Other then the fact that the outside part should be bigger and the greenhouse part smaller, it looks great. Just build it as big as possible, the whole thing looks a little small, but a great idea, cute too.


----------



## Tyrtle (Sep 14, 2012)

It's very cute. I would make the whole top closeable with chicken wire rather than glass.


----------



## Vincentdhr (Sep 14, 2012)

You have that book also! I also agree on the chicken wire. Doesn't block any valuable uv.


----------



## Yellow Turtle (Sep 14, 2012)

Why not both?

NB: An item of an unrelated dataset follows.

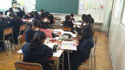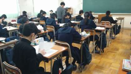 2月26日(火)、1・2年生は、明日から始まる学年末テストに向け、8時20分から各教室で朝学習に取り組んでいました。各自が思い思いの学習プリントや教科書等を出して、自主的にテスト勉強に取り組んでいました。
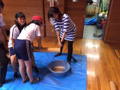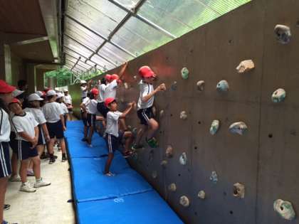 雨プログラムが続いています。室内でもいろいろと楽しめています。上の写真はクライムウォール。登山している気分でやってみると、とてもスリルがあります。「ここは断崖絶壁だ!」そんな気持ちでやっています。

Use glass cover with lids and wire cover on bottom. The glass is useful when raining.


----------



## ALDABRAMAN (Sep 14, 2012)

Creative!


----------



## Pokeymeg (Sep 15, 2012)

This looks like a standard cold frame you can buy for plants to extend the growing season - Not a bad idea! Though, building your one would be far cheaper and you can change the ratio of outside/greenhouse, as suggested earlier


----------



## stasisdc5 (Sep 15, 2012)

Vincentdhr said:


> You have that book also! I also agree on the chicken wire. Doesn't block any valuable uv.



Haha. i didn't buy it. i just took a snapshot of the page.



Pokeymeg said:


> This looks like a standard cold frame you can buy for plants to extend the growing season - Not a bad idea! Though, building your one would be far cheaper and you can change the ratio of outside/greenhouse, as suggested earlier



Not familiar with cold frames, but thank you so much for mentioning it. after looking it up, i now have references to use when building the enclosure or i may just purchase one to modify it into an enclosure

here's one i'm looking at: http://www.improvementscatalog.com/cold-frame-greenhouse/252948?fromCart=true

although limited to 4x4 or 3x6, they even have these raised garden beds that are perfect outdoor enclosures: http://www.improvementscatalog.com/raised-garden-beds/255510?defattrib=&defattribvalue=&listIndex=1


----------